物価の格差はビッグマック指数でも明らかだ。21年7月時点でマクドナルドのビッグマックは日本では390円で米国では5.65ドル(約650円)。円相場が1ドル=70円まで上昇しないと価格差を埋められない。円相場はむしろ円安に振れているため、国内の7割増しの価格を払わないと米国で同じ商品を買えないという購買力の低下につながっている。
日銀の輸入物価指数によると、牛肉は10年前に比べ2.4倍に急騰。小麦は66%上昇するなど身近な商品の輸入物価上昇が目立つ。粗糖やパーム油はすでに1980年代以来の高水準だ。今後、販売価格への転嫁が進めば、さらに生活者の負担が増すことになりそうだ。
【川田コメント】
直近は海外旅行が出来ないので、この記事にある円の“実力低下”を直接感じる機会は少ない。しかし記事にもあるように、現実に我々は確実に貧しくなっている。
物価と同時に米国株式投資にも為替は影響する。長期資産形成の観点なら円高の時に米国株式を買い貯めておきたいところだが、そうあってほしい時にはそうならない。
経験則だが、米国株式投資では為替と株価の両方で同時に儲けようなどとは思わないほうがいい。為替の方向性にとらわれなくても満足できるリターンをもたらしてくれるはずだ。
【2】 日経新聞 米主要企業23%増益 10~12月、市場予想 値上げ浸透、人件費は重荷 1/20
22年1月14日時点ではS&P500指数の構成企業の21年第4四半期(9〜11月期などを含む)の純利益は23%増で、売上高は12%増となる見込みだ。
ヘルスケア(20%増)やテクノロジー(16%増)などの増益率が大きい。コロナワクチンが量産段階に入っても値崩れしておらず、企業によるデジタル化対応の投資は底堅いことなどが要因だ。
利益率も改善傾向。第4四半期の売上高純利益率は13%と高い水準が続く。21年通期でも13%と20年(10%)より3ポイント上昇する見通し。ただし22年を通じては「過去最高の利益率を維持できるとは考えにくい」。最大の理由は高まる賃金上昇圧力だ。
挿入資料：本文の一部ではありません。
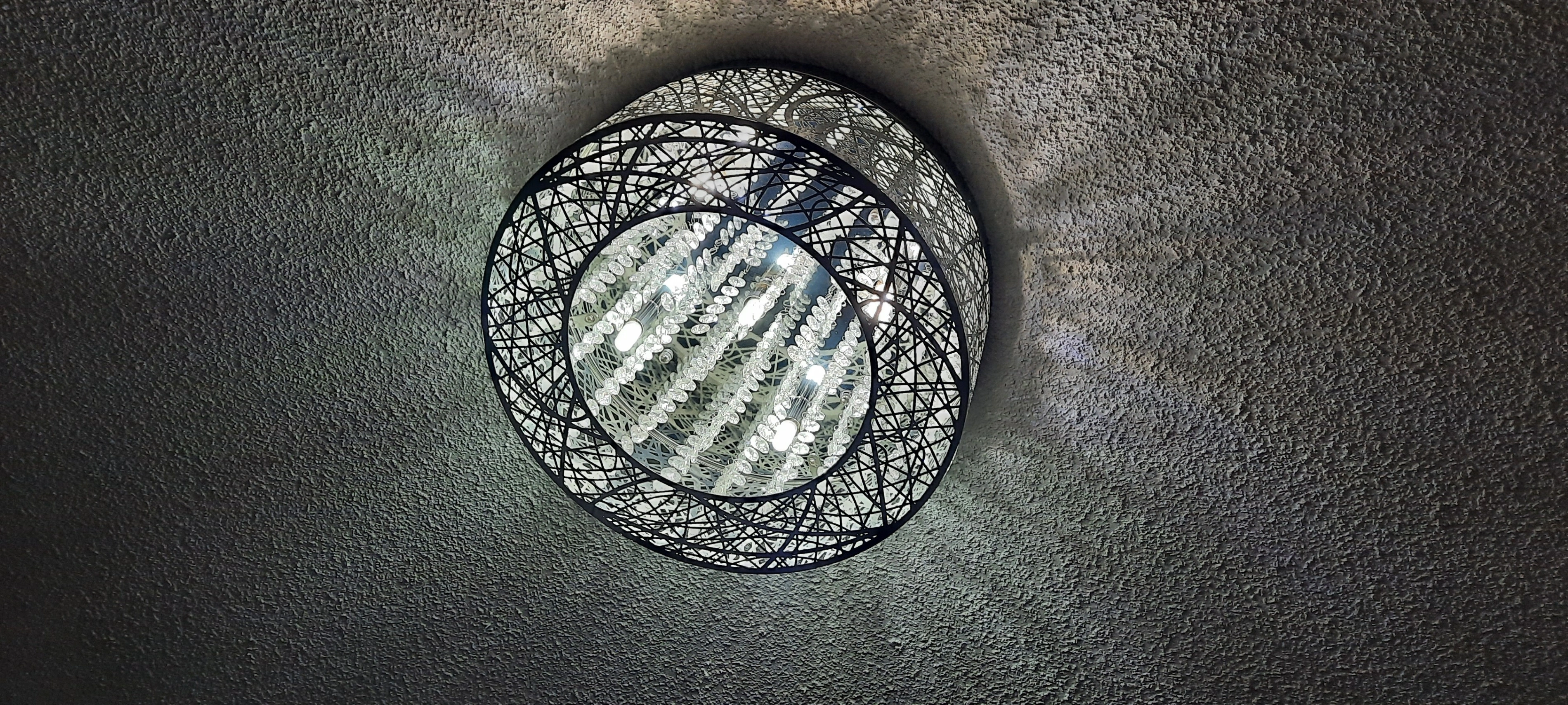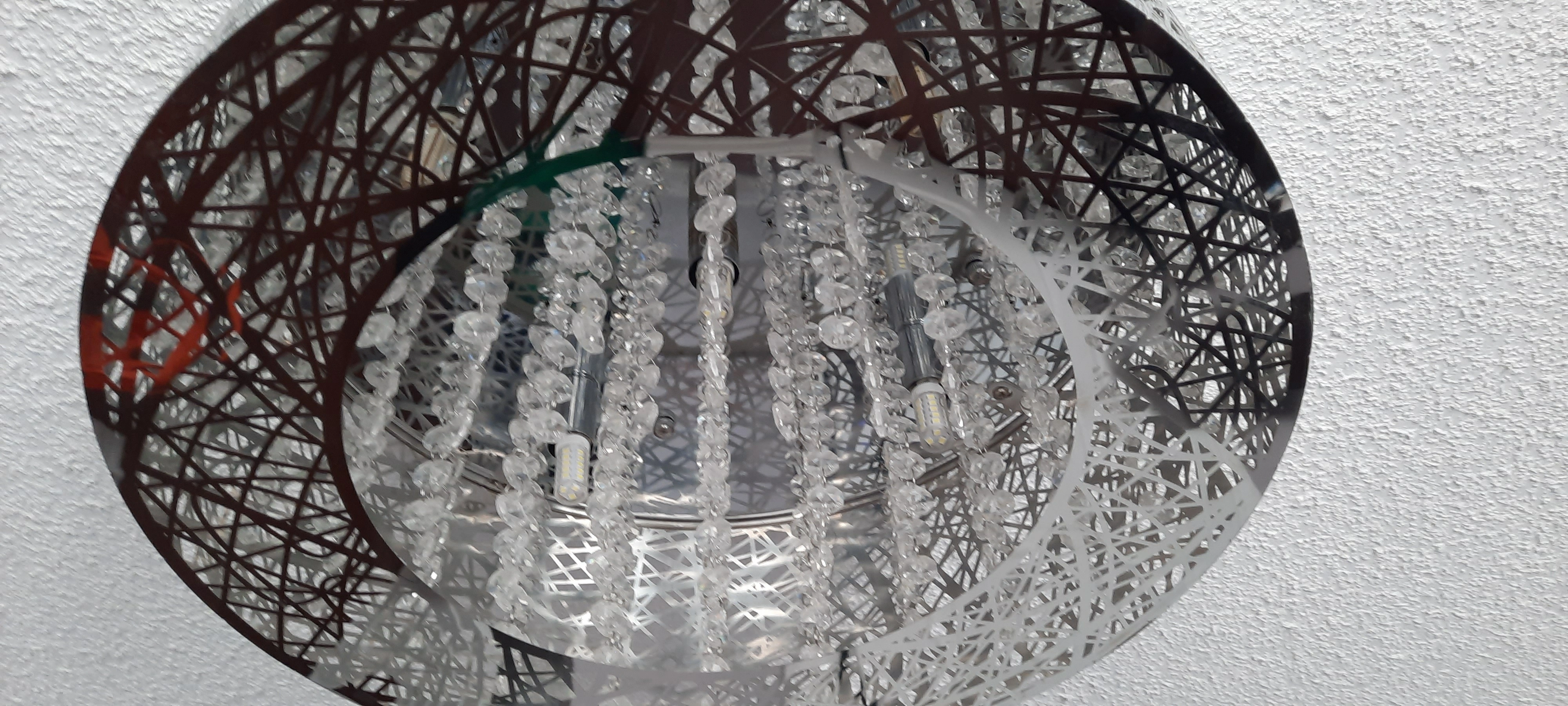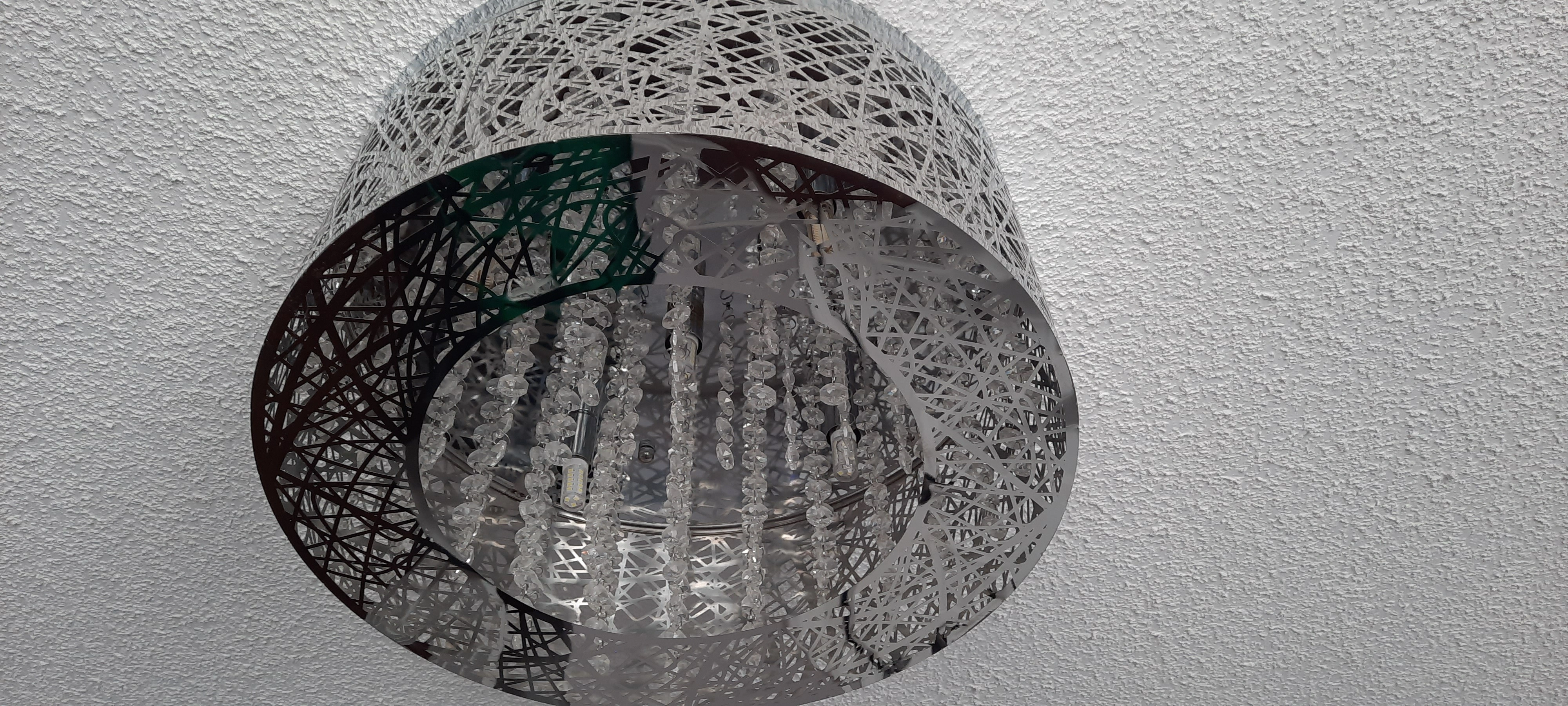 The laser cut stainless steel mirror shade features a unique design and pairs with crystal pendants for added luxury.
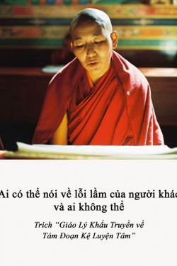 "...khi người bình phàm nói về lỗi lầm của người khác, bạn đang không làm vậy vì lòng bi mẫn vị tha mà thay vào đó, chỉ bởi những cảm xúc phiền não của chính bạn. Cả hai sẽ phá hủy cội nguồn công đức của bạn và làm sâu sắc thêm thiên kiến của bạn với người khác. Nó giống như sương giá của những chướng ngại bao trùm mùa màng của sự hành trì và cũng sẽ gieo mối bất hòa ngăn cản sự hòa hợp trong Tăng đoàn. Hành vi như vậy chẳng đem lại lợi lạc nào, với cả bạn hay người khác."

米国株に対しては22年も強気の予想が多い。米JPモルガンのストラテジスト、マルコ・コラノビッチ氏は22年末のS&P500指数の予想値を18日の終値より10%高い5050とみる。ただし企業収益が揺らぐことになれば、相場の波乱要因となるリスクがある。
【川田コメント】
こういう話題は日経新聞が便利だ。新聞をこまめにフォローすると、米国の代表的な企業の決算を時系列で報道しながら業種別にも纏めてくれる。例えば、メガバンクなら、個々の決算が出終わったらそれらを一覧のテーブルにして見やすくしてくれる。先週はエネルギー、今週と来週はプラットフォーマーなど、注目決算が目白押しだ。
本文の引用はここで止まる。